意見書作成マニュアル 
弁理士 遠山 勉
(06/02/07改訂) 

注意:進歩性判断基準として、「阻害要因」の概念が判例として出されており、このことを考慮した意見書作成をしなければならないことに注意してください。


★ 明細書を作成する場合、中間処理の対応方法を予め知っておくことは有効です。そこで中間処理として、意見書の作成方法につき説明します。
なお、下記具体例で使用する添附書類を、ここに示しますので、参照して下さい。
 
 拒絶理由通知を受け取った場合、それに対する意見書を提出し、あるいは、必要に応じて補正書を提出し、拒絶理由を回避する必要があります。以下、拒絶理由通知に対する対抗手段を説明します。
 
1.新規性なし、及び、29条の2の規定による拒絶理由
 この場合、引例との構成の差異を明確にする補正をし、発明が同一でないことを主張します。
 
2.進歩性なしとする拒絶理由 
 
 進歩性の場合、複数の引例(通常は2つ)から本願発明が容易であるとされます。
 例えば、発明がABCDの構成の場合で、「引例1にABCが記載され、引例2にDが記載されており、引例1と2の組み合わせから容易である」とされることが多い。
 この場合、本願発明が引例1と異なること及び引例2と異なることを単に主張しても意味がありません。進歩性の問題は新規性があることを前提としているので、相違していることをいくら主張しても意味がないのです。
 この相違点を前提とし、ABCとDとの組み合わせの困難性を論議しなければなりません。
 
 注:引例が多ければ多いほど、それほど多くの技術を組み合わせなければ本件発明が構成できない・・・構成の困難性がある・・・ということになるので、通常はできるだけ少ない組み合わせで進歩性なしとします。

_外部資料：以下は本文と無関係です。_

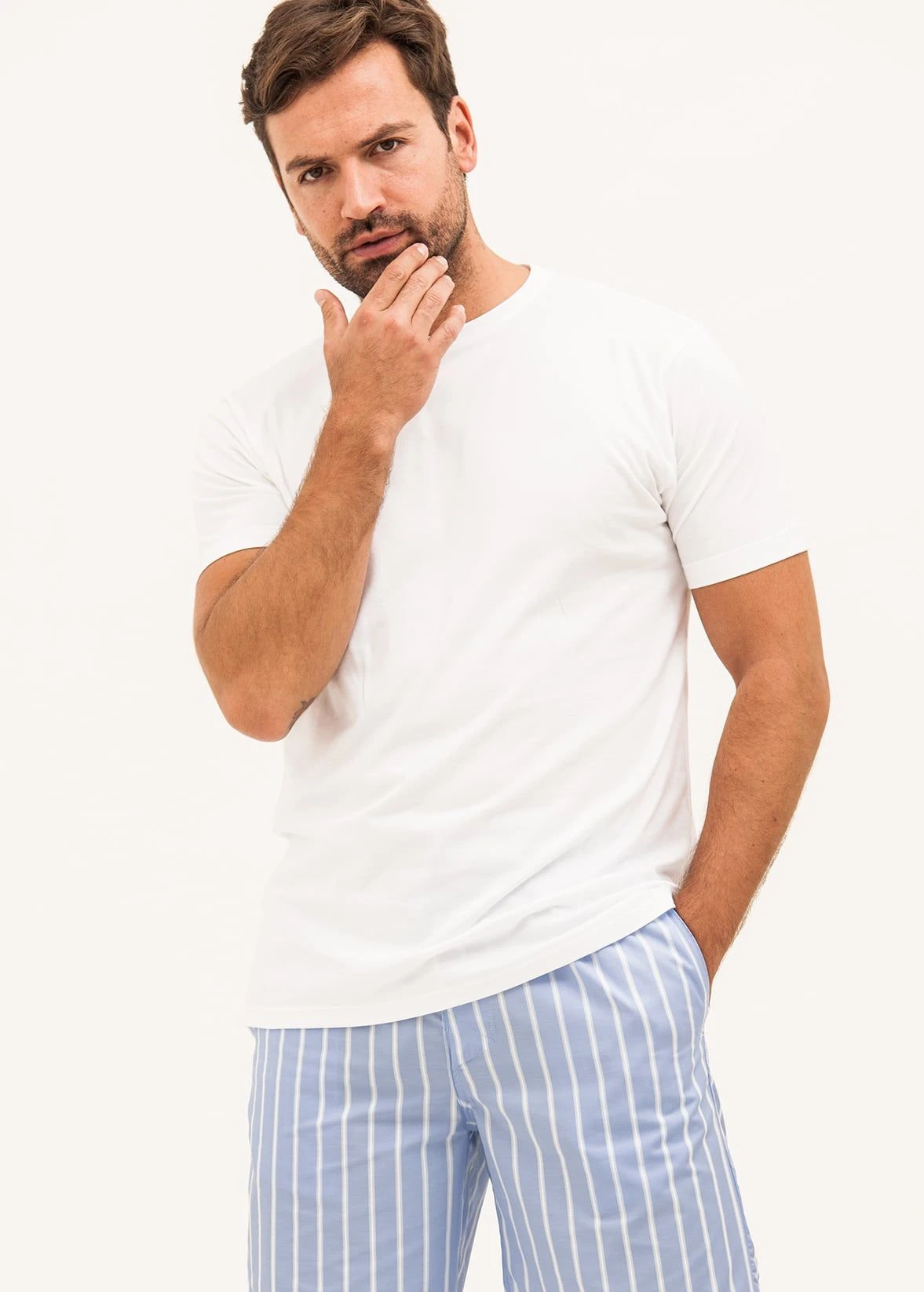 This classic blue and white stripe is also available as a full set of pyjamas as well as pyjama shorts. The pyjama trousers work really well when paired with our luxuriously soft supima cotton white t-shirt. If you’re looking to buy matching father and son nightwear, you’ll find this fabric in the boys pyjama trousers collection.

<異議申立や無効審判でもあまり多くの引例を持ち込まない方がよい>。

 ★★★ なお、最近の実務では、裁判所における進歩性判断の影響を受けている。裁判所では、いわゆる「阻害要因」の有無(AとBとの組み合わせを阻害する特段の理由が存在するか否か=存在すれば進歩性あり、存在しなければ進歩性なし)という判断手法が用いられている。このため、引用例の技術分野が本件発明の技術分野と異なるから引用適格性がなく、進歩性否定できないとする議論ができなくなっている。特許法を素直に読むとき、引用例の技術分野がどうであれ、当業者がそれらの組み合わせをするのが当然のことであるか否かが問われるわけであるから、このような扱いはごく自然な考え方であろう。


特許庁現行審査基準



特許庁現行審査基準(進歩性) http://www.jpo.go.jp/shiryou/kijun/kijun2/pdf/tjkijun_ii-2.pdf

2.4 進歩性判断の基本的な考え方

(1) 進歩性の判断は、本願発明の属する技術分野における出願時の技術水準を的確に把握した上で、当業者であればどのようにするかを常に考慮して、引用発明に基づいて当業者が請求項に係る発明に容易に想到できたことの論理づけができるか否かにより行う。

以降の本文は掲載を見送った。